In the 1950s and 60s, the local inhabitants were systematically and forcibly evicted from their homesteads and fields inside the reserve boundaries, which were fenced in this period. The resident community had been growing, and with their tilled fields, burning practices, dogs and livestock were judged inimical to the reserve's declared conservation function. It was decided to evict families as and when conservation regulations were broken and convictions upheld, a process completed in 1966.

Although the Ndumo communities legally contested their right to the land, with a land claim settled in their favour in 2000, they were denied the right to resettle the land, instead given financial restitution and (in theory) a say in management. One resident recalls their period of residence as follows:There we were rich; we ate sweet potatoes, bananas, madumbe [root vegetable], cassava and pumpkins. We drank from the Usuthu River. Today that river is reserved for the hippos and crocodiles while our children die from drought. The wild fruits are left to fatten the monkeys, and the rhinos graze on the graves of our ancestors.

The unresolved dispute over control of this land (there are allegations of another, so far undiscovered alternative agreement) and ongoing issues with Community Based Natural Resource Management as a conservation model in the province (Meer 2010), along with unemployment and unfulfilled promises of development, has resulted in the anomalous situation that the eastern part of this declared provincial game reserve has been illegally fished, grazed and farmed since 2010. This is despite its status as a Ramsar wetland of international importance, declared in 1997.

Farmland is replacing the indigenous vegetation and wildlife, formerly important hippopotamus habitat and winter grazing grounds, and crocodiles no longer nest along the river which was their historical nesting area in the reserve (Carnie, 2021).

CENTENARY AND AN UNCERTAIN FUTURE

Ndumo Game Reserve's centenary in 2024 went largely unremarked aside from a couple of newspaper articles (including Pooley, 2024). However a special issue of African Journal of Wildlife Research was in development, celebrating the long legacy of scientific research in the Reserve and including papers on its management history, and future prospects. This was published in early 2025 (AJWR 2025).
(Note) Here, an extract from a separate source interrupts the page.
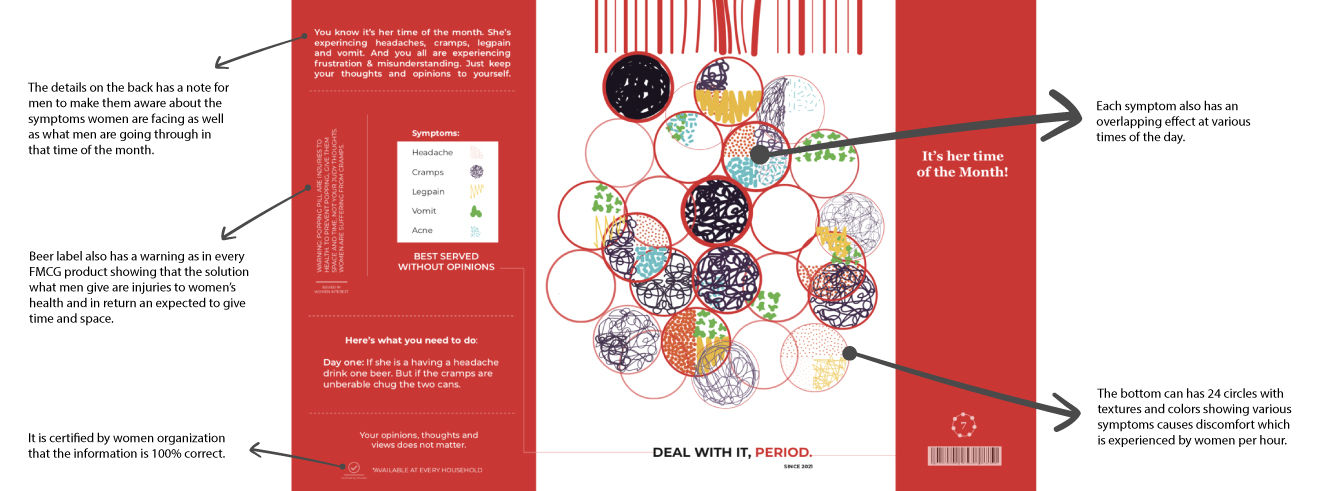 Period is a beer packaging for men from women. This name is conveying put an end to the various common judgments passed by men. The name also suggests a period as a phase or time of the month.

Efforts have been underway since 2021 to get Ndumo Game Reserve listed as a threatened Ramsar site, and referred to the country's Department of Forestry, Fisheries and Environment (DFFE) as a priority for intervention. This proved complicated given the many agencies involved.

In 2025 Ramsar SA agreed the site was threatened, but this led to no further Ramsar action as the South African authorities said they had their own national initiative in place for assessing the status of protected areas and recommending management actions (something first claimed in 2021). The DFFE responded that they were waiting on a statement by the Department of Water and Sanitation on the ecological and social classification of river catchments including those flowing through Ndumo - which was published in June 2025 (Carnie, 2025).

As of August 2025, DFFE are awaiting a final report from the provincial conservation authority Ezemvelo KZN Wildlife, before submitting the country's long overdue Ramsar update report on the status of Ndumo Game Reserve. What remains to be determined is what actions will be taken to remedy the situation and restore and protect this unique reserve and its precious African wetlands.